Оба они только что ни на секунду не усомнились в правдивости моих бессовестных выдумок о прадедушке Зусе. А сейчас ни за что не хотели поверить чистейшей правде про. хрустальную печать.
Уже гораздо позже, через много лет, когда я стал взрослым, я не раз убеждался, с какой охотой люди поддаются грубой лжи и как трудно подчас раскрыть им глаза на истинную картину жизни.
Взбешенный, едва ли не доведенный до слез ослиным упрямством Володи и Вячика, я сказал, что покажу им печать. Я выпрошу ее на время у прабабушки. А если она откажет мне, я украду ее!
В тот же день, сидя на маленькой скамеечке у ног прабабушки, я сказал:
– Покажи мне, пожалуйста, еще раз твою хрустальную печать.
Прабабушка покачала головой:
– Это не игрушка. Один раз только я выпустила ее из рук. Когда твой дедушка Симон подрос, я передала ему завод и печать. Это была моя ошибка. Твой дед разорил нас. Я не виню его. Есть разные люди. Есть люди дела, а есть люди мысли. К тому же эта женщина… Не хочу о ней дурно говорить… Ну, словом, эта шлюха обобрала его… Ты еще ребенок. Ты сейчас еще не можешь этого понять. Это даже хорошо, Птичка. Если бы ты понимал, я и не рассказала бы тебе этого. Но ты все запомнишь и когда-нибудь поймешь…

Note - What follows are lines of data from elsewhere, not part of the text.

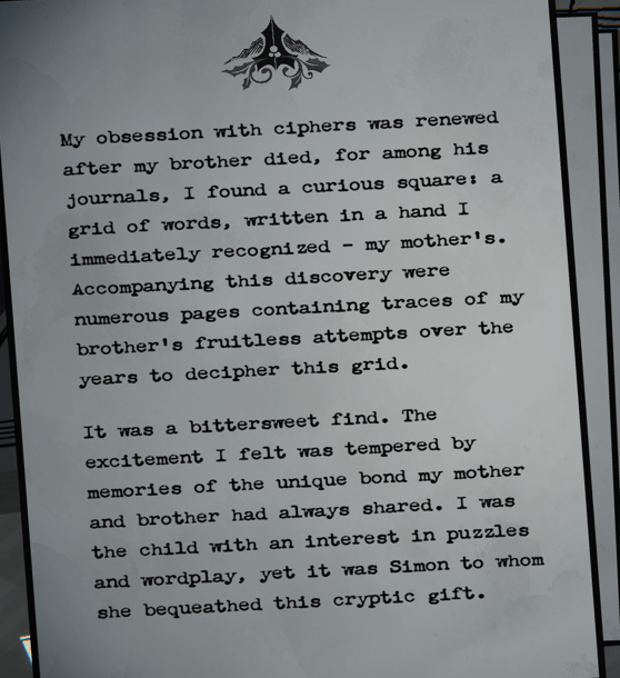 Minha obsessão por cifras foi reacendida após a morte do meu irmão, pois entre seus diários encontrei um quadrado curioso: uma grade de palavras, escrita com uma caligrafia que reconheci de imediato — a da minha mãe.
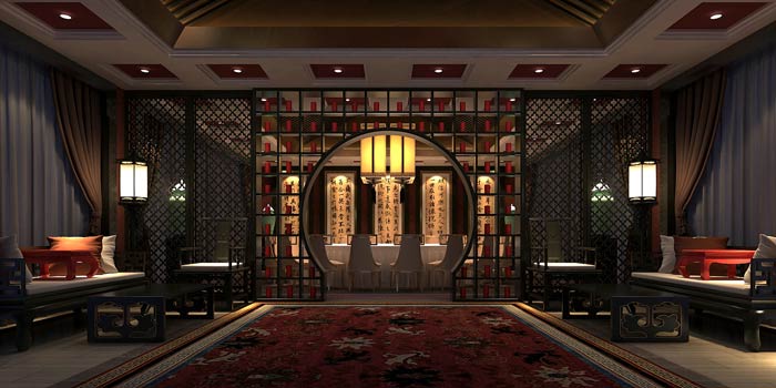 中餐廳包廂休息區設計:就餐結束之后,可以在休息區聊聊天、下下棋,休息、娛樂一番,這里講究的是細節的裝飾,讓客戶在這里感受到家的感覺,讓客戶愛上這里。
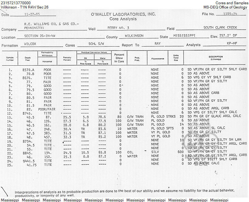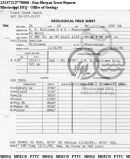 | 1 | 23157213770000 | WILLIAMS, R. E. | BERRY | 3 | Dry Hole |
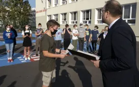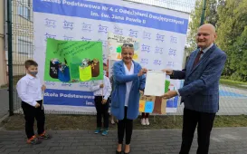 Zakończyła się 3. edycja konkursu Prezydenta Miasta Torunia "Zbieramy makulaturę". Z uwagi na pandemię nagrody do zwycięskich szkół i przedszkoli przywożą prezydent Michał Zaleski oraz jego zastępcy. W dniu 22 września do Szkoły Podstawowej nr 4 (zdj. 1-11), Branżowej Szkoły I Stopnia (zdj. 12-19) i do Przedszkola Miejskiego nr 3 (zdj. 20-28) pojechał prezydent Michał Zaleski. Fot. Sławomir Kowalski
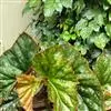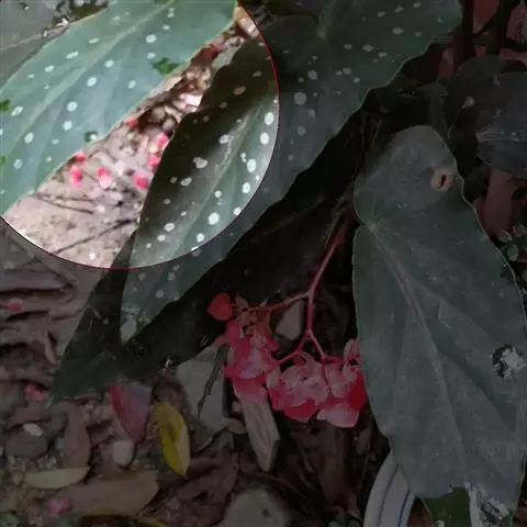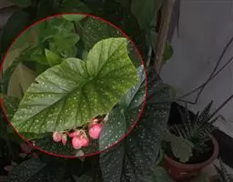 由漆斑菌引起的秋海棠叶斑病症状:病症一般出现在秋海棠叶片边缘、叶尖和破损叶片的叶脉上。坏死区域呈现黑褐色,然后是水渍状。诊断方法是下部的叶片经常会不规则形状的孢子群,中央呈黑色,但边缘为白色。
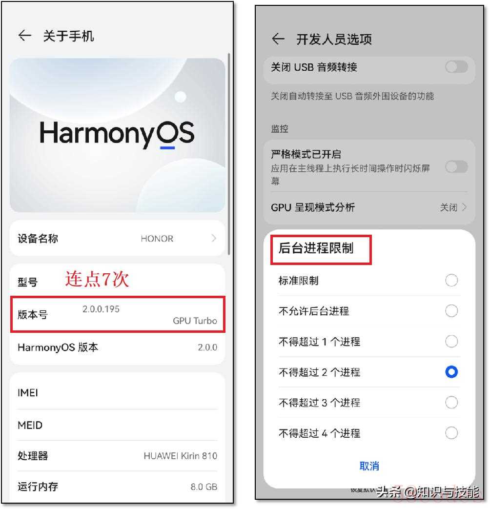 操作方法:打开【设置】-【关于手机】,连续点7次版本号,进入开发者模式。返回【系统和更新】,点击【开发人员选项】拉到最后,找到【后台进程限制】-【不得超过4个进程】。

Напрасно взрослые думают, что детям недоступны страсти, терзающие их, – любовь, ревность, честолюбие и даже вожделение. Иногда папа и мама отправлялись с друзьями в ночной ресторан. Случалось, не с кем было меня оставить дома, и меня брали с собой. Считалось, что сальности, которые выкрикивали с эстрады полуголые певички, и весь кабацкий разгул кафешантана мне так же непонятен, как высшая математика. Взрослые ошибались так же, как сейчас прабабушка, рассказывая мне о своем сыне.
Но в тот момент я не очень интересовался этим рассказом. Хрустальная печать стояла недалеко от меня на маленьком столике у кровати. Я не мог отвести глаз от нее. Прабабушка не смотрела на меня. Взгляд ее был устремлен в потолок. Она думала вслух. Я быстро схватил печать и положил ее в карман. Я прижимал ее рукой, чтобы она случайно не выскользнула. Я чувствовал ее холод и тяжесть. Прабабушка повернулась ко мне. Я испугался. Но она ничего не заметила.

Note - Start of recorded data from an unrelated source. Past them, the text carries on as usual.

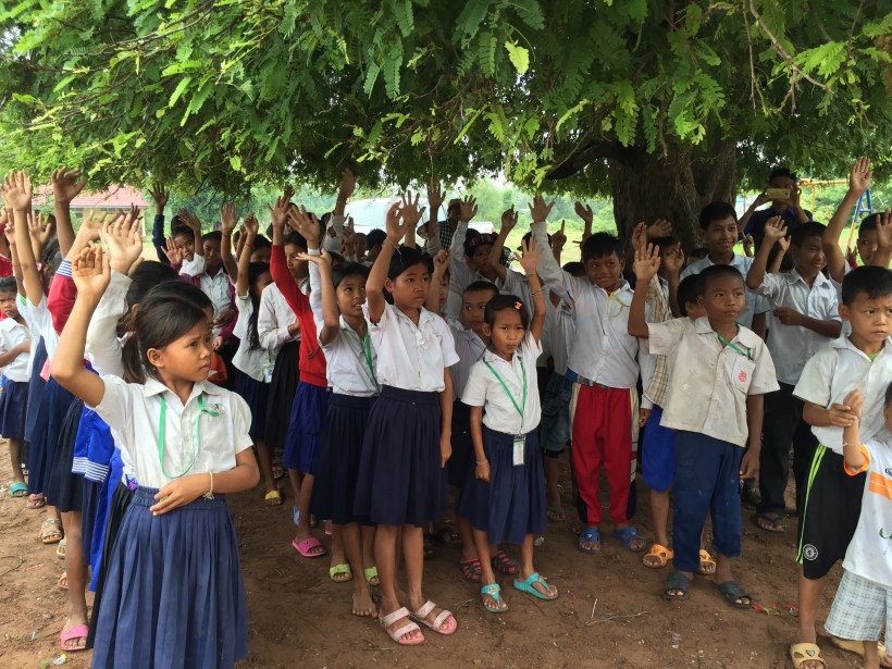 The rainy season has arrived in Banteay Meanchay Province of northern Cambodia, making travel interesting to say the least. Tuesday began with worship at the Samaritan’s Purse offices in Sisophon followed by a muddy trek out to see a primary school completed July of 2014 by Samaritan’s Purse. The before and after images are staggering. Up through half of last year, the children of Srah Trach suffered through inferior training in deplorable surroundings. It is hard to imagine how anyone could learn while worrying about being stung or bitten by something, or during the frequent rains that soaked them while seated in their classroom. The children are flourishing in a well constructed facility that keeps the children and teachers dry, and allows for secure intellectual exploration. Teachers are inspired to learn themselves, while students use iPads to accelerate acquisition of reading skills. Only God knows the full present and future impact of this simple yet profound investment in a generation of Cambodian children whose grandparents were slaughtered by the Khmer Rouge a mere forty years ago.
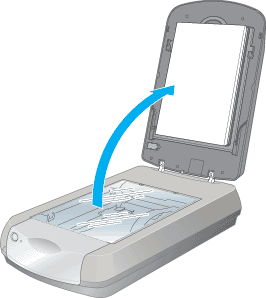 Per documenti spessi o larghi, è possibile rimuovere il coperchio documenti per rendere più agevole l'allineamento del documento. Vedere Rimozione del coperchio documenti.
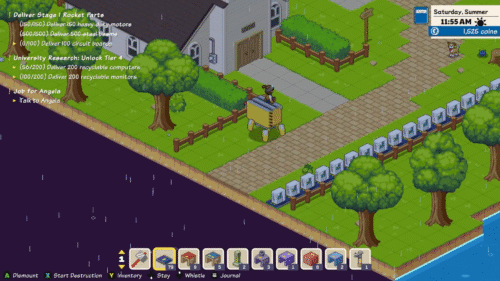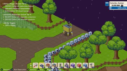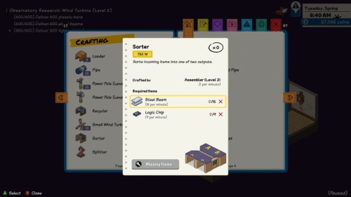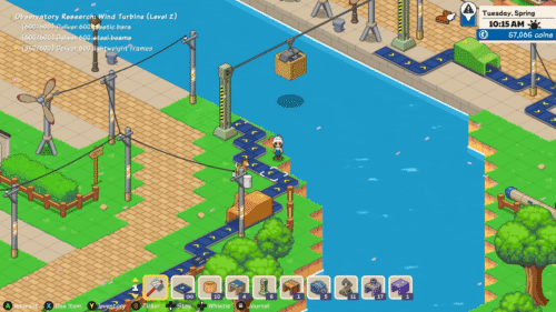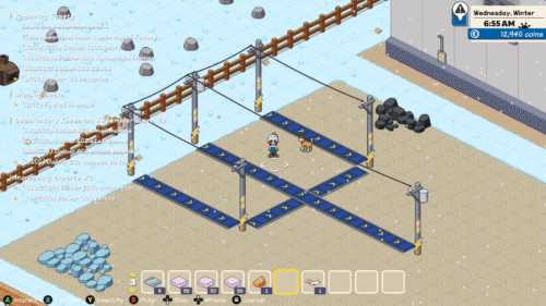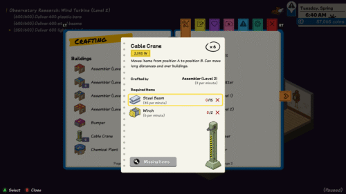 ケーブルクレーン(Cable Crane)2本の柱をケーブルで繋ぎ、その間でのモノの輸送を行う設備です。例えば川をまたいで柱を設置すれば、川の上を経由してモノを輸送させることができます。本設備が特に必要となる場面として、ゲームを進めると船でジャンク品のコンピュータやモニターを輸入することができるようになるのですが、この船から荷物を引き揚げる際にケーブルクレーンが必要になります

– Помни, Птичка, – сказала она, – твой дедушка Симон большой человек. Он…
Прабабушка приблизила губы к моему уху и прошептала:
– Он почти святой…
Мне стало стыдно. Мне казалось, что печать впивается мне в руку. Я что-то пробормотал и выбежал из комнаты.

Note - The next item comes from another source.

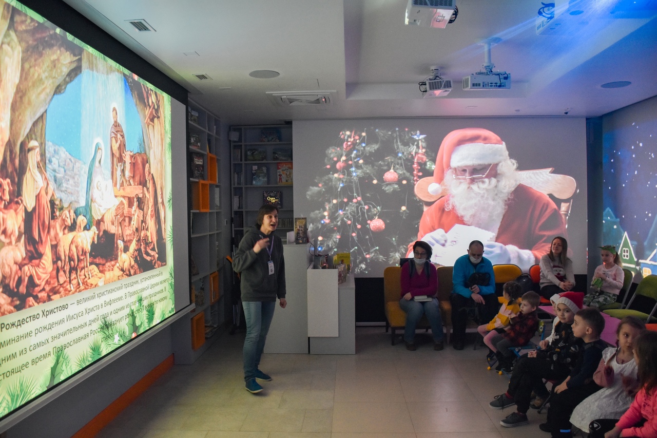Ребят школьного возраста удивило и увлекло интерактивное занятие по книге "Новый год шагает по планете" Ольги Узоровой и Елены Нефедовой. Интересно было познакомиться с родственниками Деда Мороза из разных стран, узнать, какие подарки получают дети в новогоднюю ночь по всему миру, и как выглядят иностранные праздничные столы. А в завершении детей ждал творческий мастер-класс по созданию открытки.

Взрослые не подозревают, что детям тоже нужны деньги, потому что у них есть свои расходы.
В самом деле, все дети что-нибудь собирают. Мы, например, собирали марки, старые монеты, абрикосовые косточки и папиросные коробочки. Немалых денег стоили нам пистоны и мороженое. Из абрикосовых косточек мы делали отличные свистки. Для этого надо тереть косточку с обеих сторон на мокром камне, пока на ней не образуются две дырочки. Иголкой мы выковыривали мякоть и впускали в пустую косточку маленький шарик, его можно сделать из дерева или из пробки. Получается превосходный свисток, пронзительный и тревожный, как у городового.
Деньги нужны также на приобретение хлебного кваса, резины для рогаток, конфет-лимонок, ломтей кокосового ореха в уличных ларьках. Да мало ли еще для чего!
Утром я прибежал под большой каштан, торжествующе размахивая хрустальной печатью.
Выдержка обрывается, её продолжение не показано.